Mapemba’s daughter eventually brought her to PIH’s health facility in Neno, where APZU’s first executive director, Dr. Keith Joseph, and his team diagnosed Mapemba with HIV. They started her on antiretroviral therapy, and suspected she was battling tuberculosis, as well. The timing was fortunate—PIH began working in Neno in 2006, the same year she fell ill.
There were no x-ray facilities in Neno yet, though, so Joseph accompanied Mapemba to Mwanza District Hospital, where she was diagnosed with TB and began treatment for that, too.
Mapemba said she also was struggling with hypertension at that time, but began recovering on all fronts in 2007. About a year later, she started her job as a hospital attendant—helping people at Neno, rather than the other way around.
Po-Chedley said Mapemba didn’t speak much about the hurdles she had faced in her life.
“I was aware of some of her health challenges and we discussed them, but she never really framed them as grand challenges. I think she was modest in that sense; you knew she worked hard because you could see it, not because Rosemary told you,” Po-Chedley said. “Rosemary had pride in working with APZU, and I hope she knows how important she was to the incredible work PIH does in Malawi.”
Po-Chedley added that Mapemba, “was a constant, positive, persistent, and hard-working source of inspiration.” She routinely called him “achimwene,” or brother. Mapemba often called long-term expatriates at Neno achimwene or “achimwale,” which means sister. Po-Chedley said that even though she speaks English, Mapemba tried to teach her foreign co-workers a little Chichewa every day.

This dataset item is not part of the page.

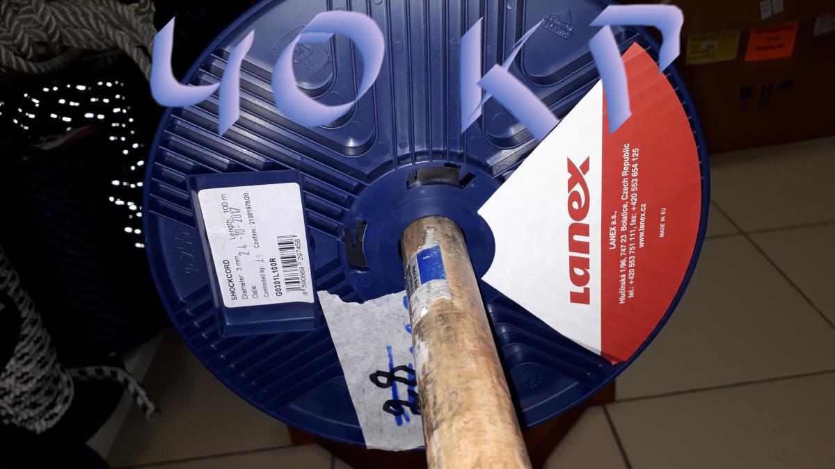Чешский шнур. Чехи честно не указали нагрузку на этикетке. Удлинение примерно в два раза . Тянул от пяти сантиметров. Разрывная нагрузка на безмене более 40 кг. Порвался при 45 кг. Это как раз тот шнурок который был предметом поиска и который пользуют некоторые местные старожилы. К сожалению данного шнурка с сегодняшнего дня нет в продаже. Я сегодня забрал остатки.

Beth Dunbar, former director of monitoring and evaluation for APZU, said the same, noting that Mapemba would greet her every morning with, “Mwadzuka bwanji abwenzi?,” which translates to, “How did you wake, friend?”
“I’m sad that she’s retiring; she’s always a happy presence,” Dunbar said in October, sitting next to Mapemba on the Skype call.
Mapemba was reserved and spoke quietly on the Skype, belying the gregarious nature that’s evident in co-workers’ stories, and in photos of her with family and friends. But she smiled widely when Dunbar turned to her and gave a compliment that undoubtedly is felt by many.
“You took good care of us,” Dunbar said.